§ **What you need to do**: Transcribe the material verbatim, starting at its first line and stopping once the line containing "где μi – среднее" has been given; no picture should appear.

§ **Records for the task**:
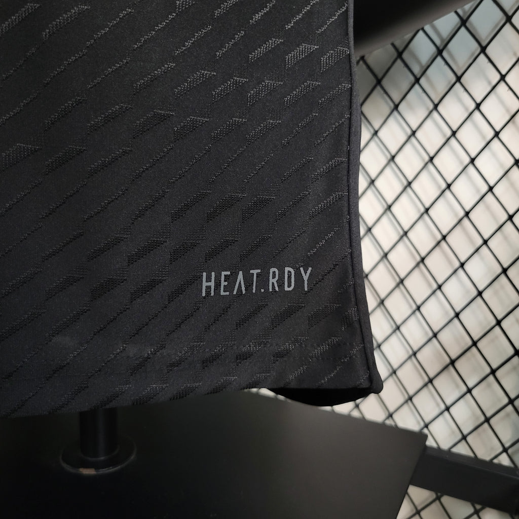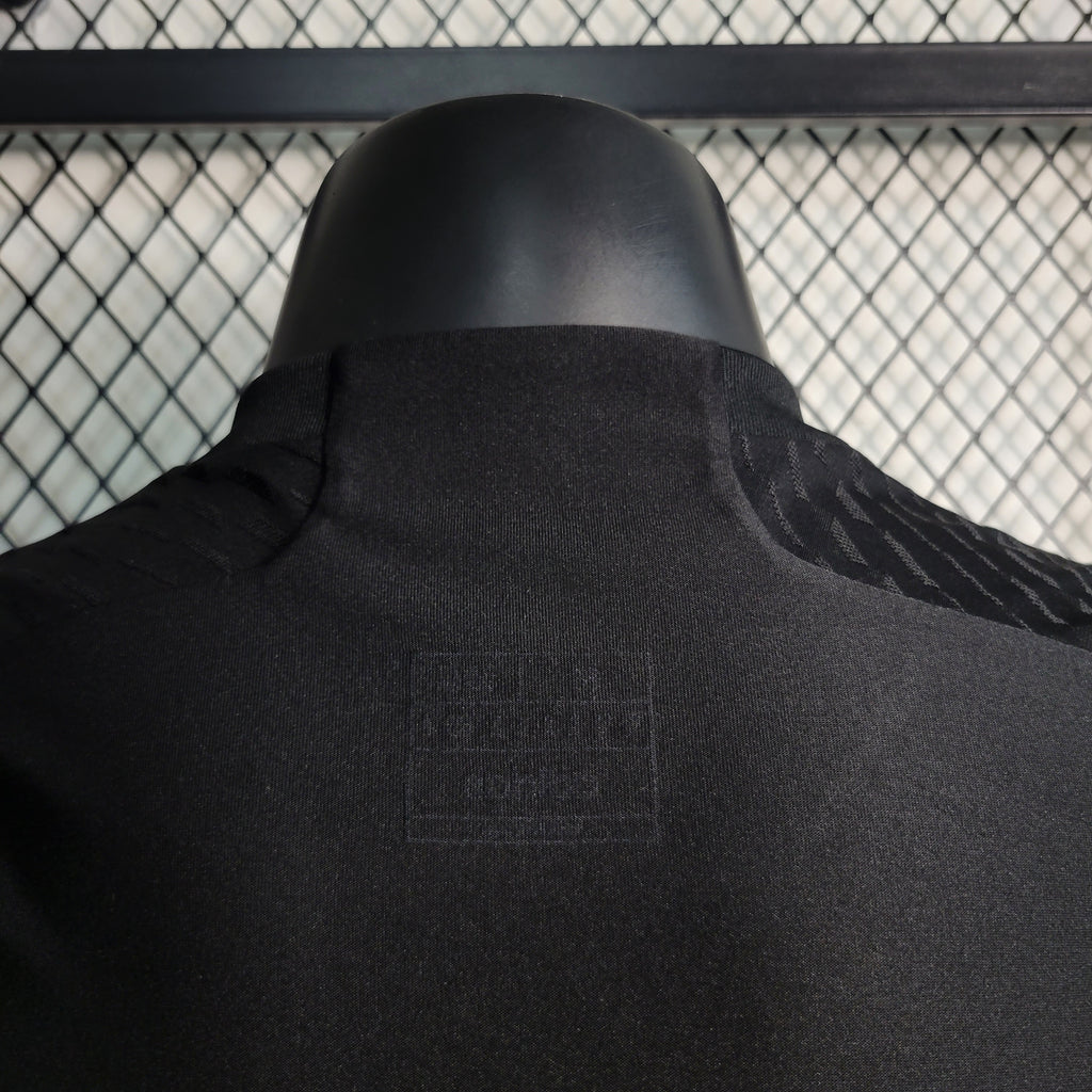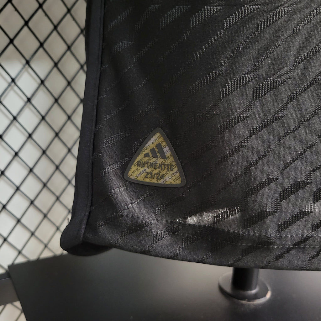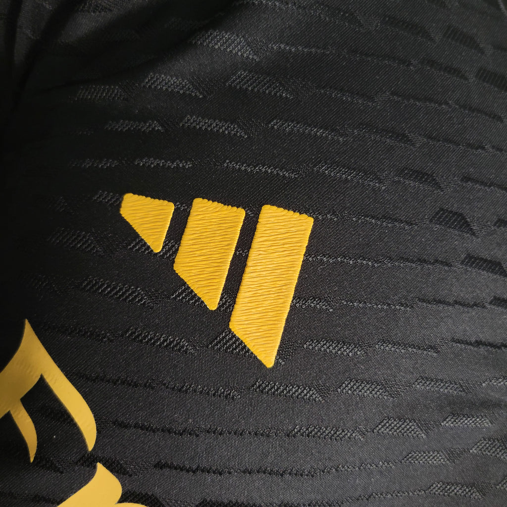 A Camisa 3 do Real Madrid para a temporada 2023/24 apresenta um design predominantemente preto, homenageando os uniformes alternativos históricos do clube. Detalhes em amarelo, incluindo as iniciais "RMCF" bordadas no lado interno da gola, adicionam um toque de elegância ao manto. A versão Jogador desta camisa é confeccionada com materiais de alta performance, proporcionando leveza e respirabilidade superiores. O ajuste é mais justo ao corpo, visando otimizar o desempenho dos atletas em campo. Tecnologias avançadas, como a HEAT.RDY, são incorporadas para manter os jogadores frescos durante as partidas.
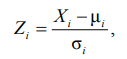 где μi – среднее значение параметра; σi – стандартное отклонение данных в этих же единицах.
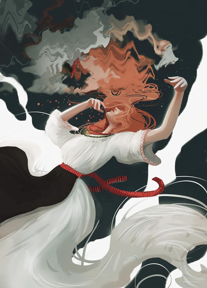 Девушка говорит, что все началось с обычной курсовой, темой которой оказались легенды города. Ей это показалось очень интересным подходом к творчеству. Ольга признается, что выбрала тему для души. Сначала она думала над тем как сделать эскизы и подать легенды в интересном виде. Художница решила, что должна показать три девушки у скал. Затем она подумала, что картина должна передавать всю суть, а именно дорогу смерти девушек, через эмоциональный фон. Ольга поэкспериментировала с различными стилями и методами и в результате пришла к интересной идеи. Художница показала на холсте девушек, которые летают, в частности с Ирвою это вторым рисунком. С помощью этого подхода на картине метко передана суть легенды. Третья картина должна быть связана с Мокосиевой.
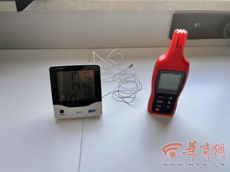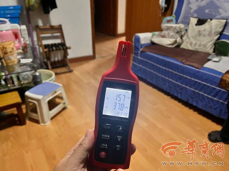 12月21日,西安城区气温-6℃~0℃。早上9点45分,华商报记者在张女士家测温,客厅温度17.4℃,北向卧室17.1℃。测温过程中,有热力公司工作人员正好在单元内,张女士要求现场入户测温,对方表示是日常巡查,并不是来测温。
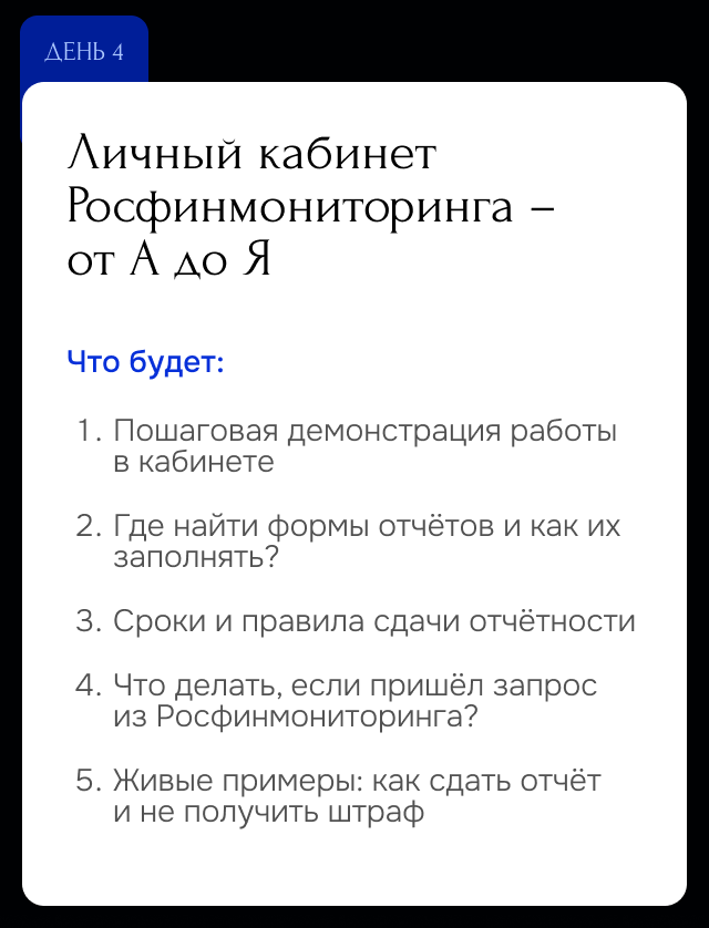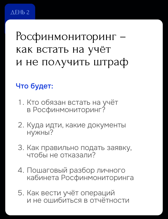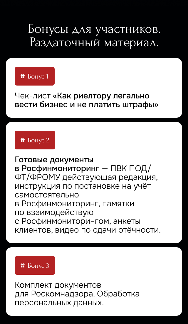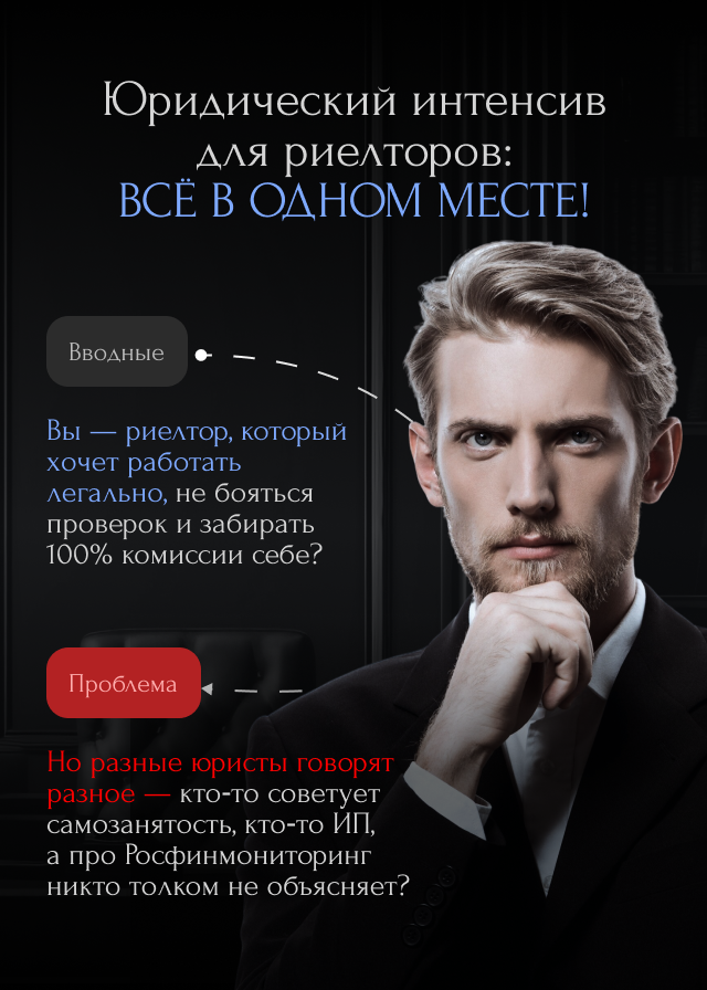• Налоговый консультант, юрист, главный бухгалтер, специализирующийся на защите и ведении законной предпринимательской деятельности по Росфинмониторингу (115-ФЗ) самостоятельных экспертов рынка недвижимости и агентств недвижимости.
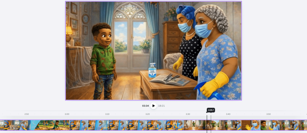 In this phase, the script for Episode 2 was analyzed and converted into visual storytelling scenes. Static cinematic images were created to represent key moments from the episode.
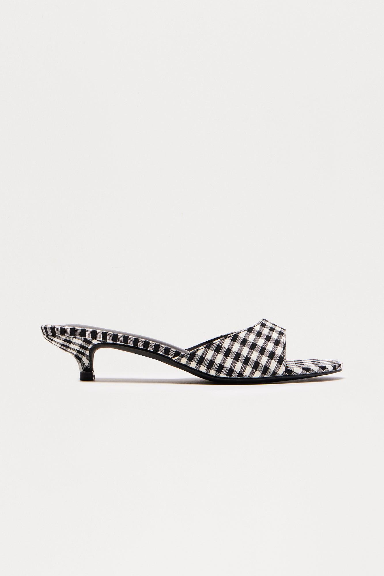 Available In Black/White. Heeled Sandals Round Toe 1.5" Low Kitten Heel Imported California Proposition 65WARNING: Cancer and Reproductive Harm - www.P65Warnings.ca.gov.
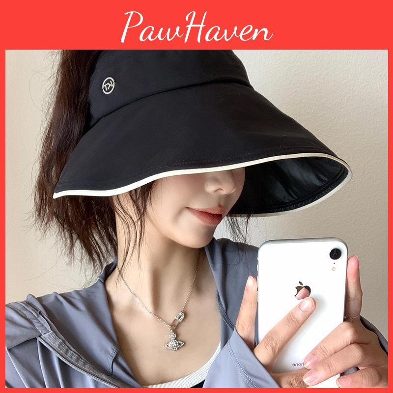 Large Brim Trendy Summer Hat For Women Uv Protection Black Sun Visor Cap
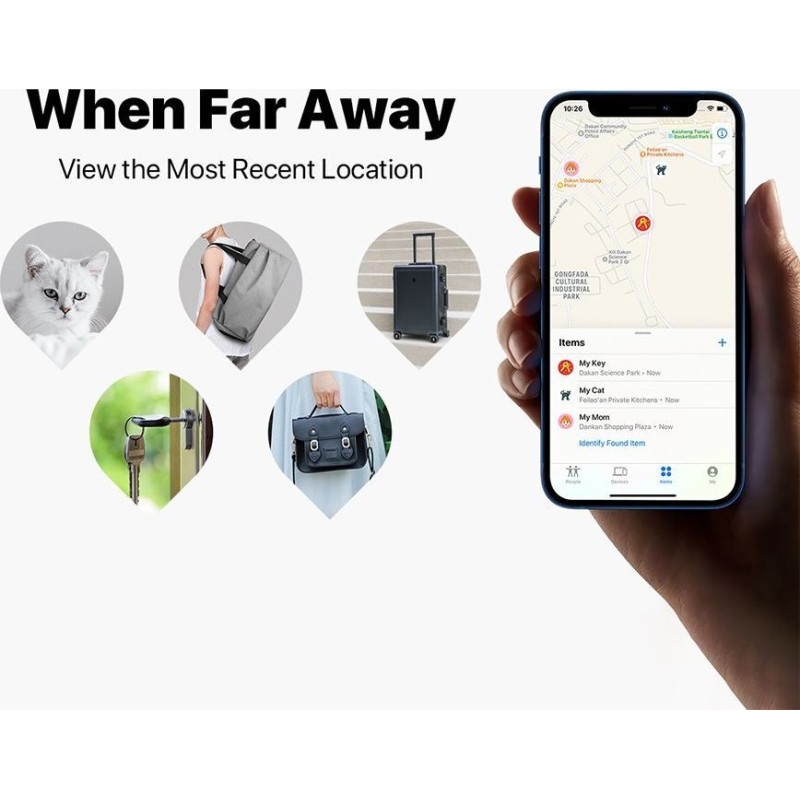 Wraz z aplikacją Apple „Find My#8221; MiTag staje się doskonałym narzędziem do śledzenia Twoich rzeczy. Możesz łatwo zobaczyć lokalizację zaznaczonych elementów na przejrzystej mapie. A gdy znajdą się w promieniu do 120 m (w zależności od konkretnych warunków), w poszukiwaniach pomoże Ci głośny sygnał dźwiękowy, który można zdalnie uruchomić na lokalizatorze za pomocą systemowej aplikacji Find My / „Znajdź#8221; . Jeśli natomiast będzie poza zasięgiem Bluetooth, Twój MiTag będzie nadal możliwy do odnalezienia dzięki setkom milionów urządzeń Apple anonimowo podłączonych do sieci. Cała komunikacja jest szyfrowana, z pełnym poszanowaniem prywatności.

§ **Expected answer**:
 A Camisa 3 do Real Madrid para a temporada 2023/24 apresenta um design predominantemente preto, homenageando os uniformes alternativos históricos do clube. Detalhes em amarelo, incluindo as iniciais "RMCF" bordadas no lado interno da gola, adicionam um toque de elegância ao manto. A versão Jogador desta camisa é confeccionada com materiais de alta performance, proporcionando leveza e respirabilidade superiores. O ajuste é mais justo ao corpo, visando otimizar o desempenho dos atletas em campo. Tecnologias avançadas, como a HEAT.RDY, são incorporadas para manter os jogadores frescos durante as partidas.
 где μi – среднее значение параметра; σi – стандартное отклонение данных в этих же единицах.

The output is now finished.